:: YOUR TASK ::
Once you reach the line with "1911 Directory lists" in the material below, copy each line exactly up to and including the line with "干し柿をつるす紐を結んだり、何本できた?と数を数えてもらったり", and skip the pictures.

::: TASK INPUTS :::

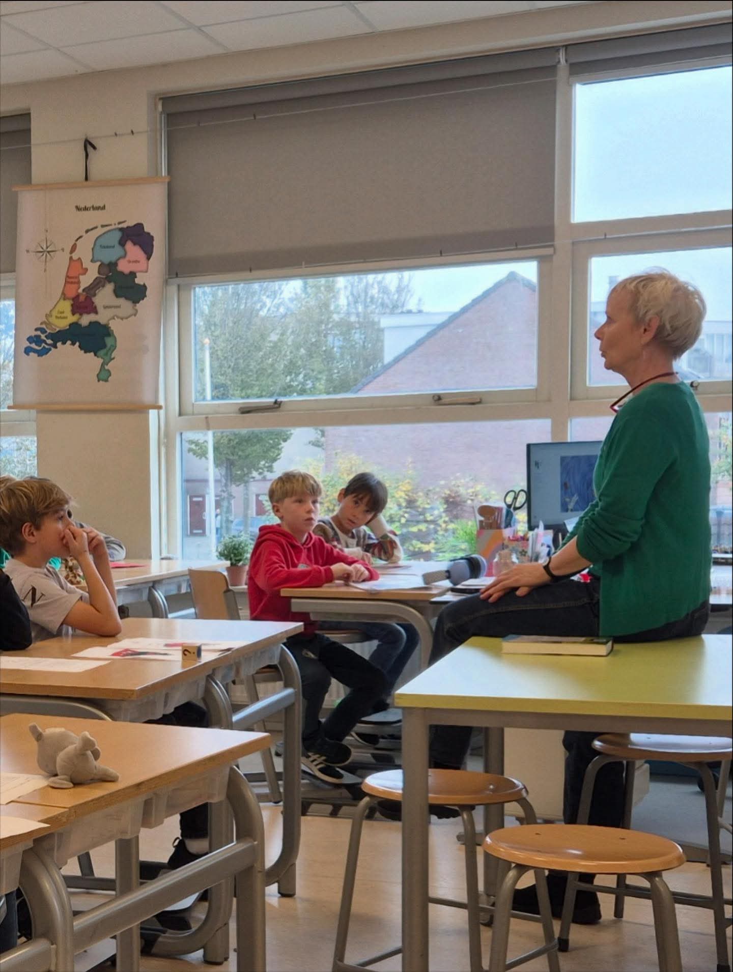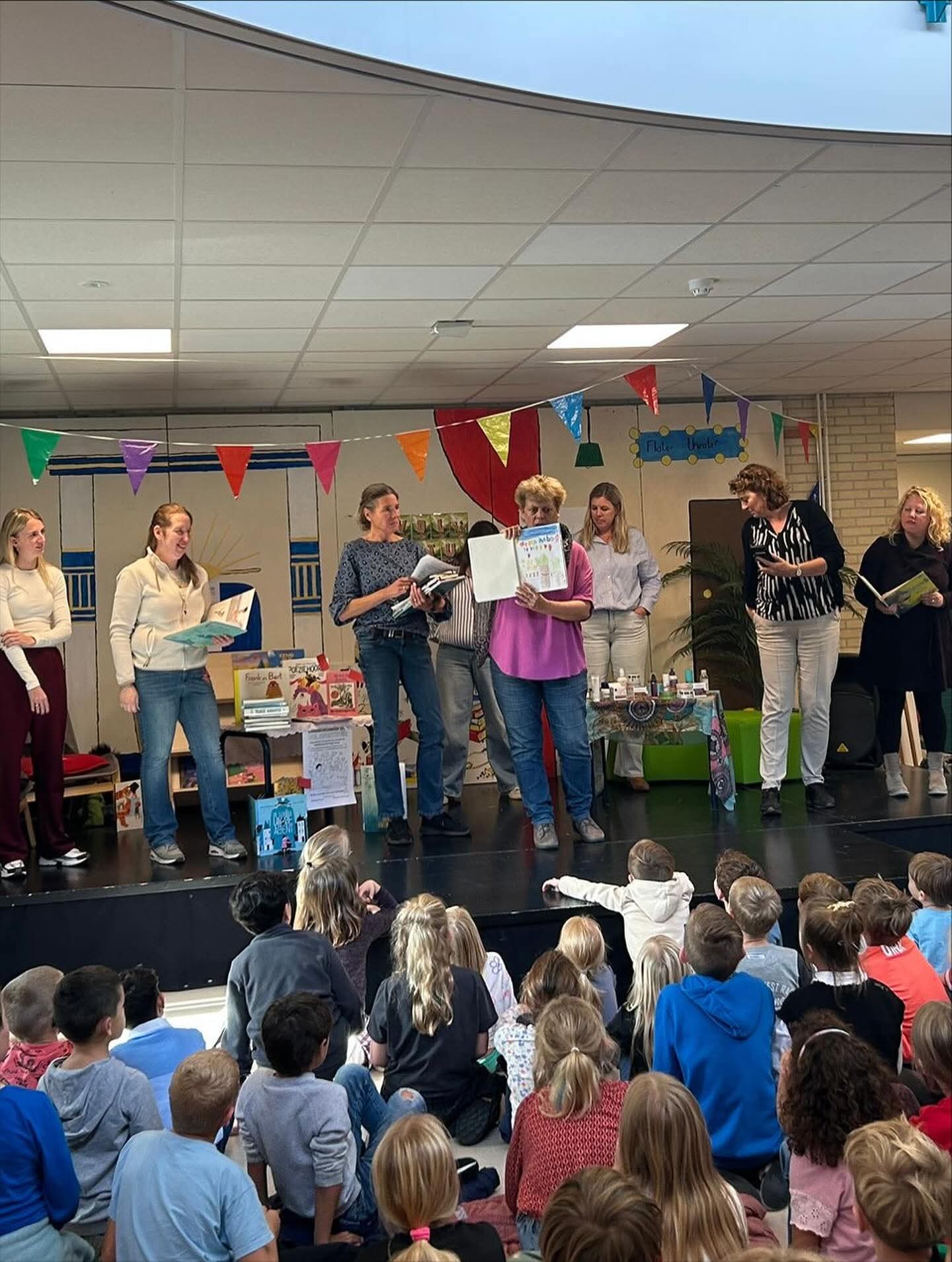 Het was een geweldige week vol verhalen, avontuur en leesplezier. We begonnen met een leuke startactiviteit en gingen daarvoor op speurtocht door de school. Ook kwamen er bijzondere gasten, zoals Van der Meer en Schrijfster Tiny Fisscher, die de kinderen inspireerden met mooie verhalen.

:::
::: TASK INPUTS :::

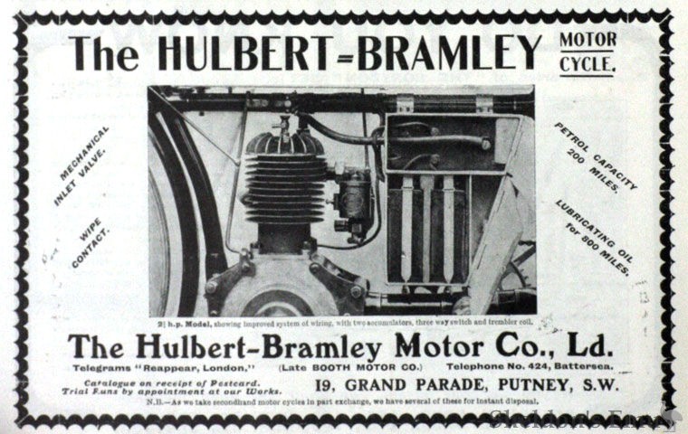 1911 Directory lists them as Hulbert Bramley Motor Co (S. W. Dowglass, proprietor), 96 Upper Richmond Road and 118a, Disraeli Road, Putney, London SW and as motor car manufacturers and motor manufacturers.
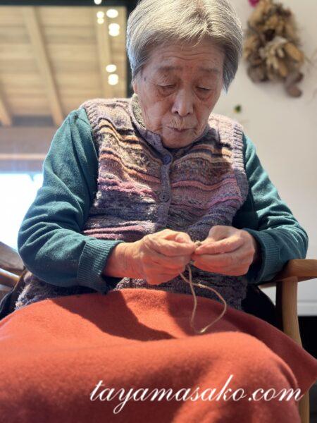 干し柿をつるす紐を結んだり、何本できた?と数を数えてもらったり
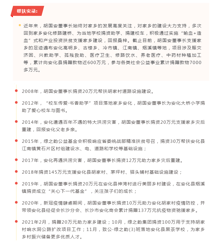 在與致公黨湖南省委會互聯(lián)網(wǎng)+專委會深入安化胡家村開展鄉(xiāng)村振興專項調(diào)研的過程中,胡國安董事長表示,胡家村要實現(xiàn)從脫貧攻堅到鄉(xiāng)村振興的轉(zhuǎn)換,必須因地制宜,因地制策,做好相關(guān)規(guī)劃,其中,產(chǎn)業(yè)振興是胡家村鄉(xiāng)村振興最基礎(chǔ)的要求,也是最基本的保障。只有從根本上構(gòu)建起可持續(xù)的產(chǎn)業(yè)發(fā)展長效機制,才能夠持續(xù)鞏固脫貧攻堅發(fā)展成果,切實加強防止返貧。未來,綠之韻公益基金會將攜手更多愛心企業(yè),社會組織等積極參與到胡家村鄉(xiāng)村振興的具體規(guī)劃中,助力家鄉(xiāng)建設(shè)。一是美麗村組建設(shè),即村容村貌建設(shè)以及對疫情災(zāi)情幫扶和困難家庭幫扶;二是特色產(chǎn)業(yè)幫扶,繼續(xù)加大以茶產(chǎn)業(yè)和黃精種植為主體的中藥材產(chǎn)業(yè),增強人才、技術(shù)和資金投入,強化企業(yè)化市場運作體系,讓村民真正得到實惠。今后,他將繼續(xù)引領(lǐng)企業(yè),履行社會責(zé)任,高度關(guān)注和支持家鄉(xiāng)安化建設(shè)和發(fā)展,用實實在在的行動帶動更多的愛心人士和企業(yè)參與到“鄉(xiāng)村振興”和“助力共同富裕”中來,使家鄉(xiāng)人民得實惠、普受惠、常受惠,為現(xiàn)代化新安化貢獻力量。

:::
::: TASK INPUTS :::

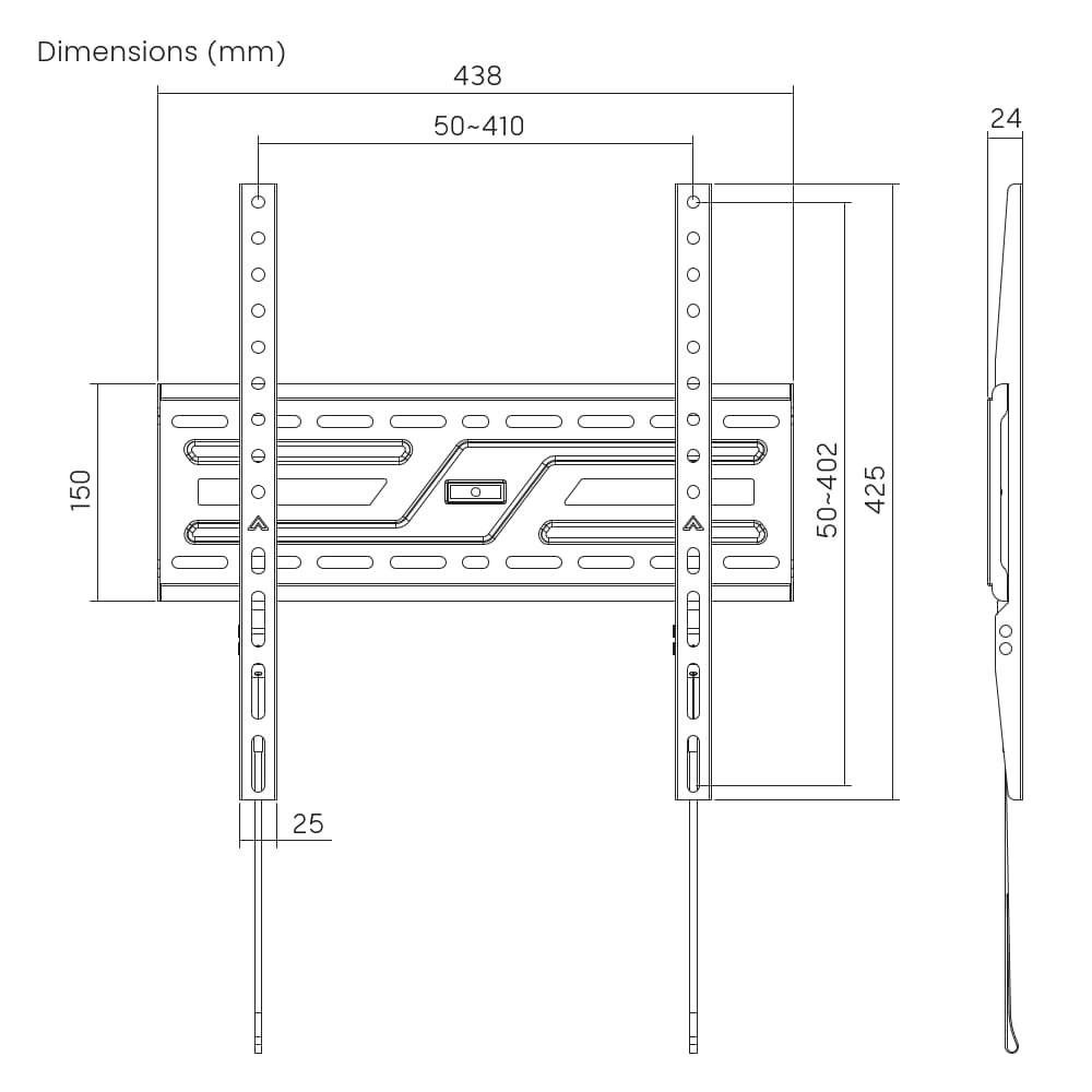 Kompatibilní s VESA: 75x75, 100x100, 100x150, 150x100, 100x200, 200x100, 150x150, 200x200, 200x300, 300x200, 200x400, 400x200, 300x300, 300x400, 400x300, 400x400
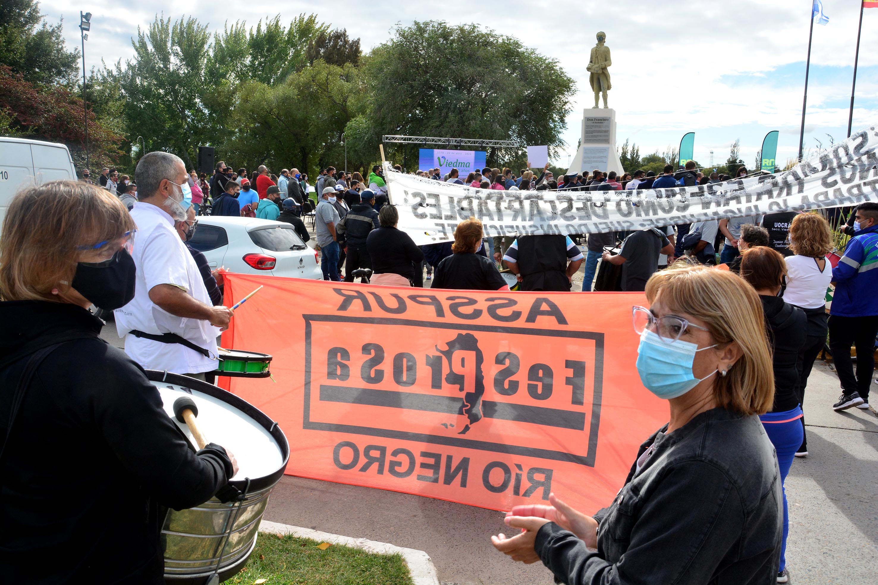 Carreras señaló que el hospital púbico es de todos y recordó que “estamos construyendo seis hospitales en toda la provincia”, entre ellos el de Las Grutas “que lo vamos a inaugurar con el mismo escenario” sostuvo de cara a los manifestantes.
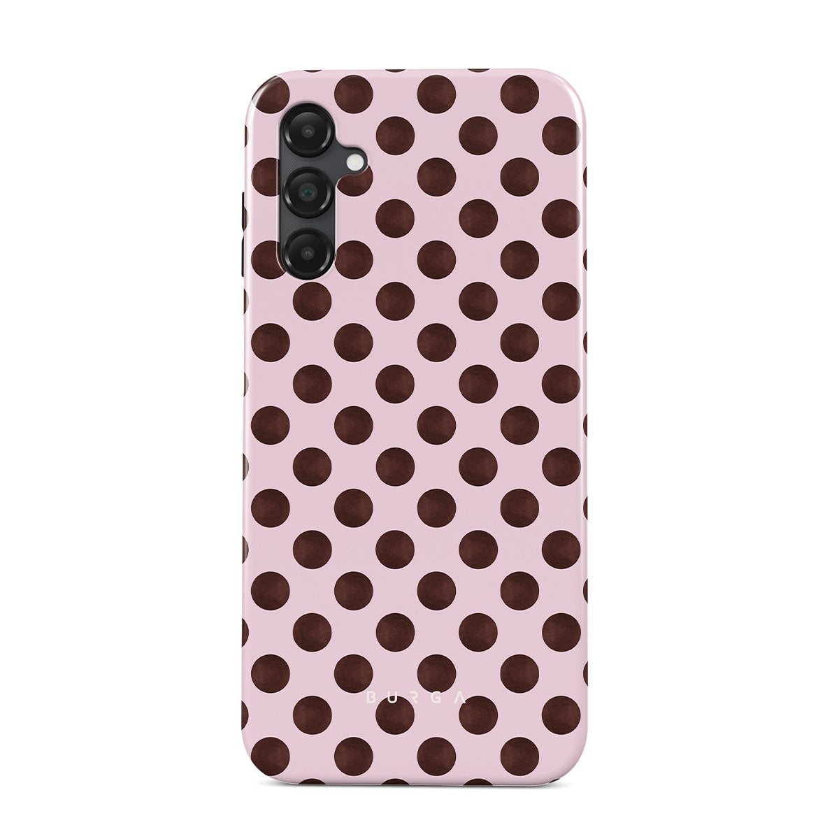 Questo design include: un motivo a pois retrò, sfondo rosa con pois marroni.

:::

:: RESULT OF THE TASK ::
 1911 Directory lists them as Hulbert Bramley Motor Co (S. W. Dowglass, proprietor), 96 Upper Richmond Road and 118a, Disraeli Road, Putney, London SW and as motor car manufacturers and motor manufacturers.
 干し柿をつるす紐を結んだり、何本できた?と数を数えてもらったり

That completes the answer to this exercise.